[Task]: Would you give the listing again exactly, without its images?

*** Opening of Entries shown ***

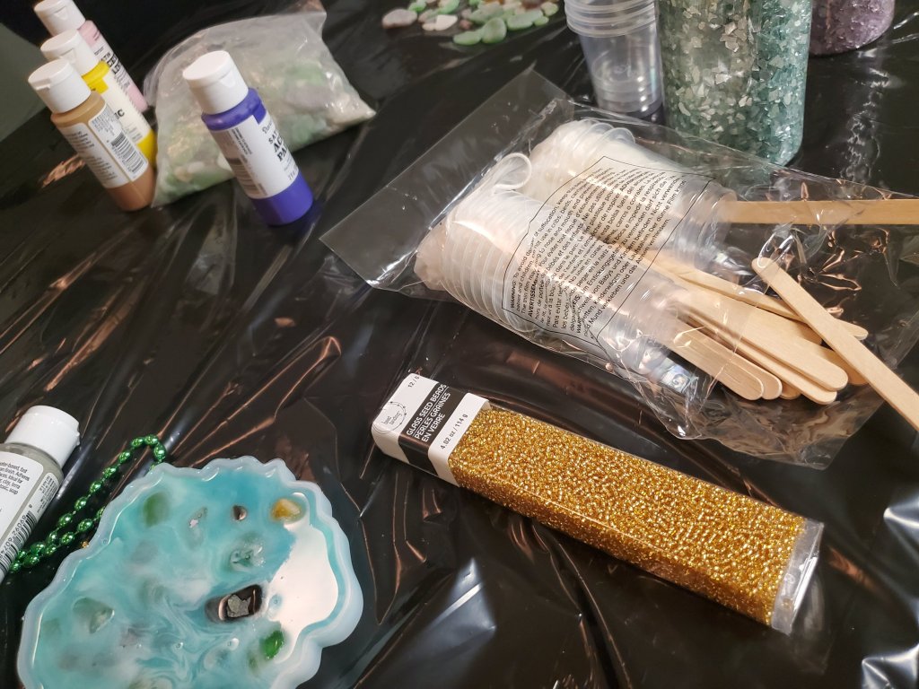 So we got together over a weekend and were discussing different activities to do. We both dabble in painting, sewing, and other various crafty things. We were trying to decide what would be the most fun and when we hit resin crafts both of us got really excited! I’m pretty sure craft videos had something to do with this. We had both seen enough to be enthusiastic but neither one of us was very confident. We figured this was a great reason to try it together, at least it would be fun, right!
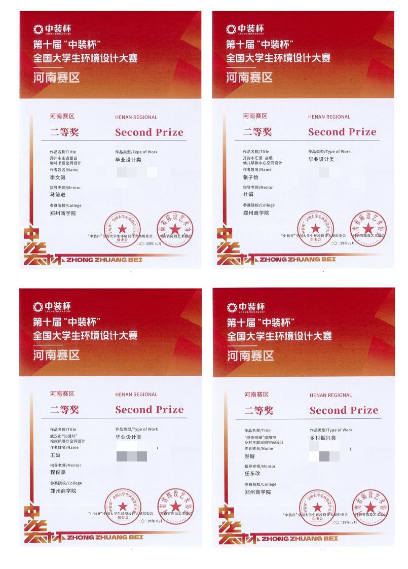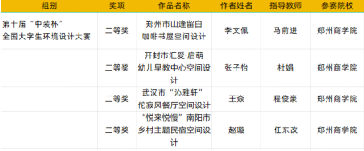 “中装杯”全国大学生环境设计大赛是一项面向全国在校环境设计及相关专业学生的公益性大赛,自2013年首届在清华大学启动以来,已连续成功举办九届。九届大赛共覆盖院校1000余所已成为具有广泛影响力的高校学生设计赛事。艺术学院师生在第十届“中装杯”全国大学生环境设计大赛中获省级二等奖4项、三等奖10项、优秀组织机构奖1项。
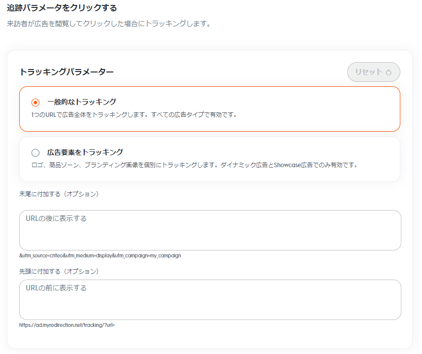 トラッキング設定では、「一般的なトラッキング」と「広告用をのトラッキング」の2つから選択します。
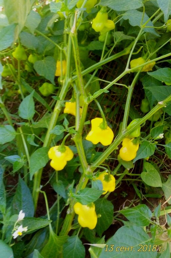 Сорт перца вида C. baccatum. Куст высотой 1,2 - 1,5 метра. Плоды колокольчики бледно-желтого цвета, массой 25-30 г созревают через 105-115 дней от всходов. Стенки колокольчика слабо-острые, но семена и перегородки очень острые. Мякоть сочная, с фруктовым ароматом. Урожайный. В упак. 15 шт.
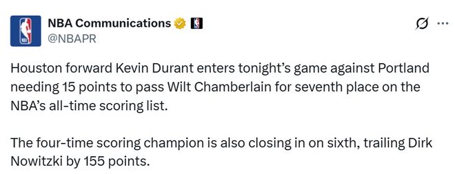 北京时间1月10日,NBA巨星凯文·杜兰特即将迎来职业生涯又一里程碑。只需在接下来的比赛中再得15分,他就将超越威尔特-张伯伦,升至NBA历史得分榜第七位。NBA官方已提前发布相关预热内容,引发球迷关注。
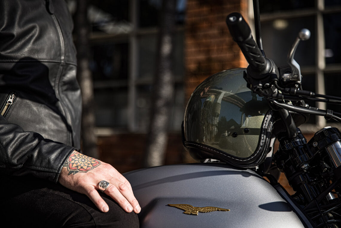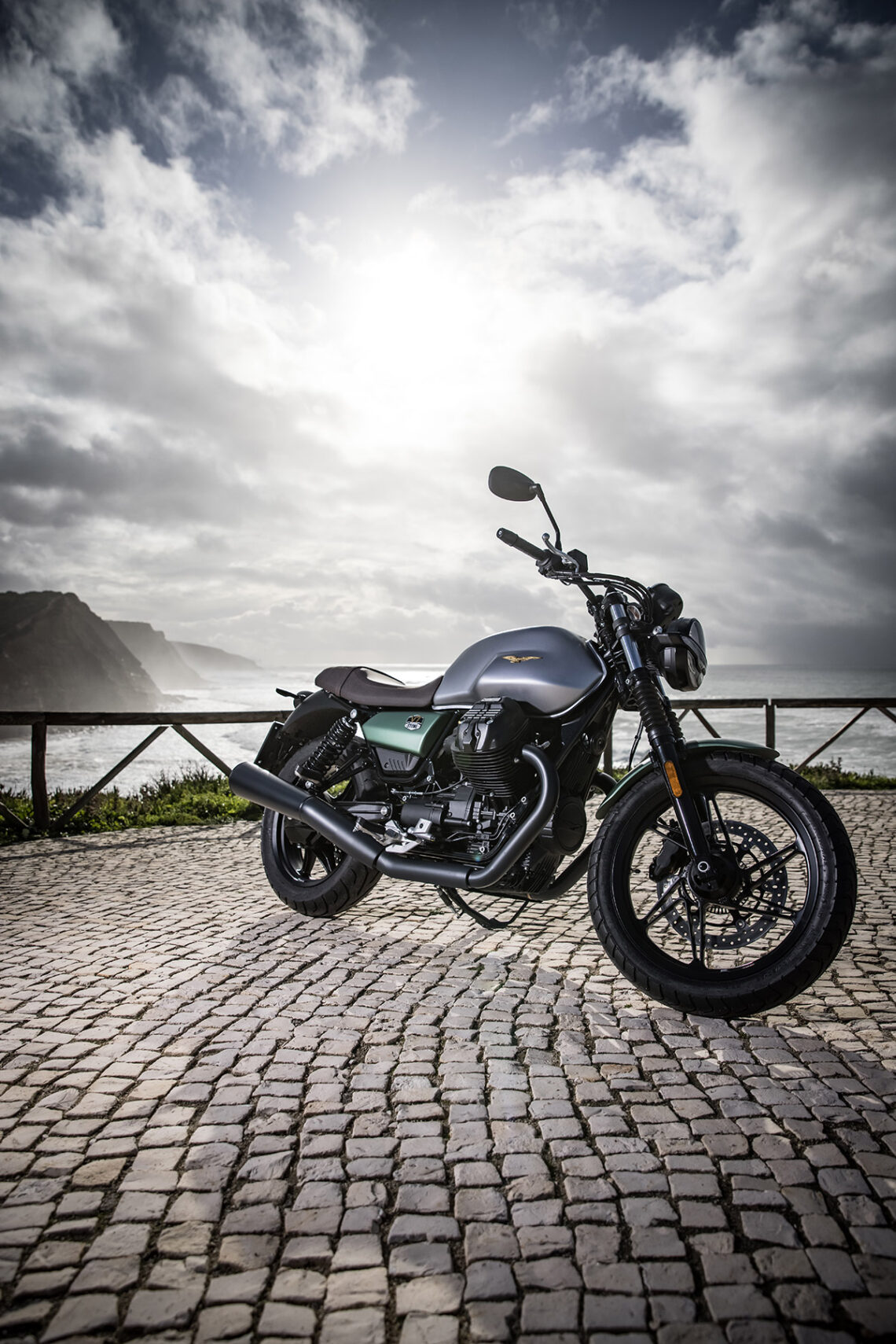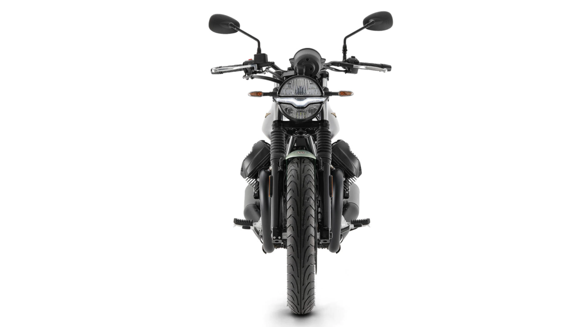 - Distintivo especial: El Águila aparece acabado en dorado y el logo específico de los 100 años de Moto Guzzi en el guardabarros.

*** Close of Entries shown ***

[Your response]:
 So we got together over a weekend and were discussing different activities to do. We both dabble in painting, sewing, and other various crafty things. We were trying to decide what would be the most fun and when we hit resin crafts both of us got really excited! I’m pretty sure craft videos had something to do with this. We had both seen enough to be enthusiastic but neither one of us was very confident. We figured this was a great reason to try it together, at least it would be fun, right!
 “中装杯”全国大学生环境设计大赛是一项面向全国在校环境设计及相关专业学生的公益性大赛,自2013年首届在清华大学启动以来,已连续成功举办九届。九届大赛共覆盖院校1000余所已成为具有广泛影响力的高校学生设计赛事。艺术学院师生在第十届“中装杯”全国大学生环境设计大赛中获省级二等奖4项、三等奖10项、优秀组织机构奖1项。
 トラッキング設定では、「一般的なトラッキング」と「広告用をのトラッキング」の2つから選択します。
 Сорт перца вида C. baccatum. Куст высотой 1,2 - 1,5 метра. Плоды колокольчики бледно-желтого цвета, массой 25-30 г созревают через 105-115 дней от всходов. Стенки колокольчика слабо-острые, но семена и перегородки очень острые. Мякоть сочная, с фруктовым ароматом. Урожайный. В упак. 15 шт.
 北京时间1月10日,NBA巨星凯文·杜兰特即将迎来职业生涯又一里程碑。只需在接下来的比赛中再得15分,他就将超越威尔特-张伯伦,升至NBA历史得分榜第七位。NBA官方已提前发布相关预热内容,引发球迷关注。
 - Distintivo especial: El Águila aparece acabado en dorado y el logo específico de los 100 años de Moto Guzzi en el guardabarros.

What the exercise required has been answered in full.